A business professor was suspended from his job over the summer after agreeing to comply with a protective order filed against him by one of his 18-year-old former students.
Reb Beatty, 43, said he agreed to the Anne Arundel County District Court order requiring him not to contact the teenage student and to stay away from her home, workplace and school.
The teenage student said in the petition for protection that she had met Beatty as a 17-year-old high school student taking his accounting class at AACC, and that their relationship began shortly after her 18th birthday.
The student accused Beatty of manipulating her, turning her against her parents and not allowing her to leave his home, according to the petition.
In an email statement to Campus Current, Beatty said he plans to file a defamation lawsuit against the young woman and her parents.
The student did not respond to Campus Current’s request for comment as of the newspaper’s print deadline.
Beatty alleged that the teenage student’s request for a protective order was “almost entirely comprised of exaggerations or outright lies. [The student’s] statement is an attempt to rewrite history.”
In her petition to the court, the student alleged that the relationship began shortly after her 18th birthday, when Beatty asked her to babysit his children for a second time.
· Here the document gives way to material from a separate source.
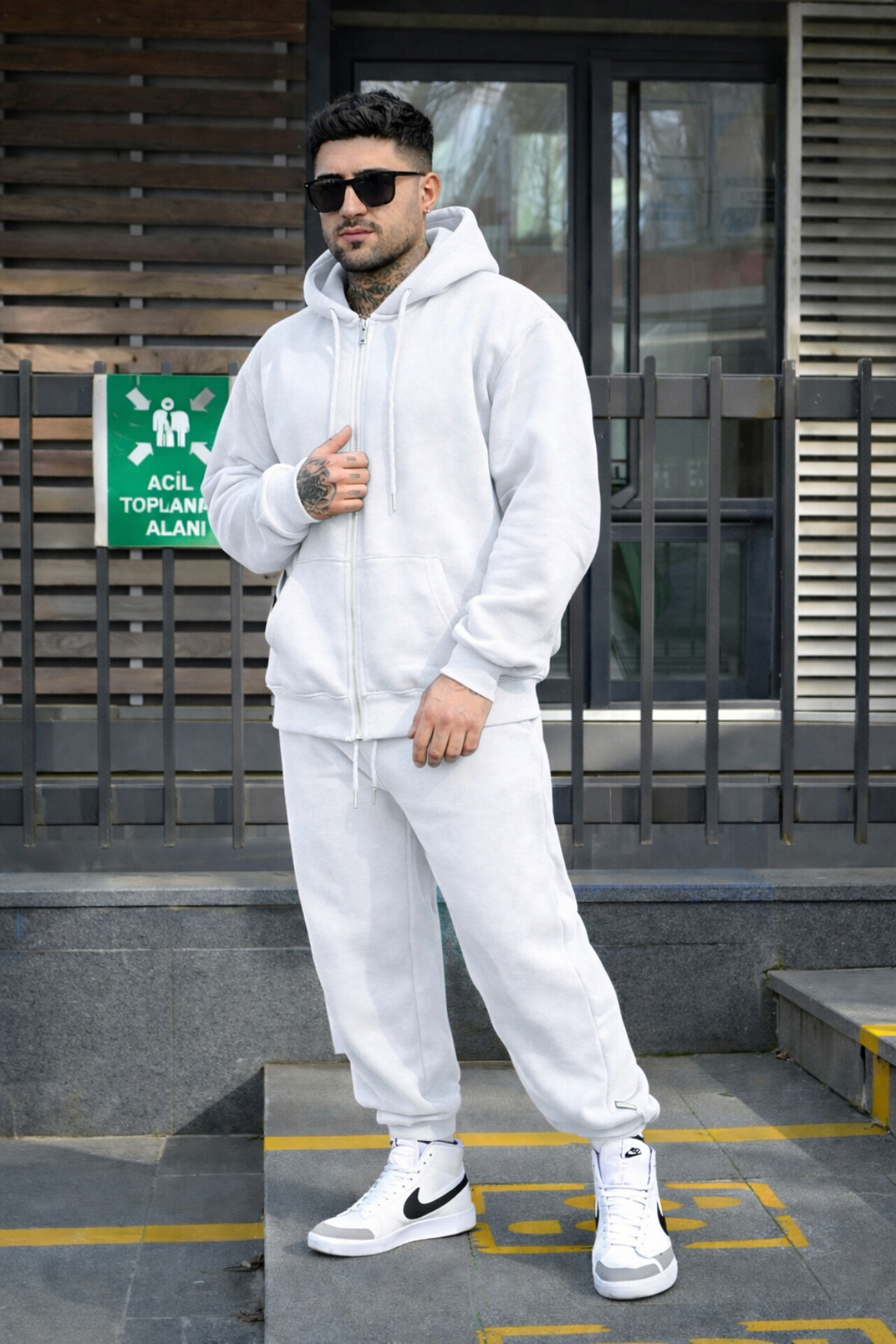 ميزات طقم كارديجان رجالي شتوي سميك بثلاثة خيوط، بدون طباعة، سادة اللون من BayBayan

While she was at his house, she said, he flirted with her and tickled her.
After her high school graduation, she said in court papers, “he bought me flowers, found my address on his own, and left them at my front door. He didn’t sign it so my parents wouldn’t know who left them.”
They began to have a sexual relationship after she graduated and turned 18, the student said in her court petition. She alleged that Beatty insisted on having unprotected sex, which she initially resisted to avoid getting pregnant.
In the petition, she alleged that he gave her so much alcohol that she couldn’t walk, and continued to pressure her to drink more.
Later, she said, she moved into his house.
She also alleged in the petition that he tried to convince her to move her money into a joint bank account with him.
Once she realized she wanted to leave him, she said in court papers, “He would manipulate me and make me feel like I can’t leave. He was very adamant that he had a lot to lose and I had little to lose.”
Finally, she said, she ran away from his house, without her shoes so he didn’t think she was trying to leave.
Beatty said he voluntarily accepted the protective order to “de-escalate the situation and allow all parties to move forward,” not because the student’s claims were true.
In his statement to the student newspaper, Beatty said, “At no point during the semester was there any type of intimate relationship.”
On a website he created to “share the truth” about the relationship, Beatty said he didn’t know the student was in high school when he met her in his class.
He alleged on his website that she said she did not care about their age difference.
As of Sept. 17, Beatty’s website said he was suspended from the college following an allegation that he was in a sexual relationship with the teenager while she was a student in his class, which he has denied.
The student petitioned to the court to have the website taken down, which was denied by the Anne Arundel County District Court.
Dan Baum, AACC’s executive director of strategic communications, said in a statement that the college does not comment on personnel matters. He added, however, “Anne Arundel Community College is committed to maintaining a safe and respectful environment for all members of our community. … Please be assured that we always take the necessary steps to address any concerns with the utmost seriousness and in accordance with our institutional policies and all federal, state and county laws and regulations.”
AACC’s Nepotism and Personal Relationships Policy “discourages a faculty member from having an intimate relationship with an adult student, even if there is not a faculty-student relationship,” adding that a professor in such an intimate relationship cannot evaluate the student’s work.”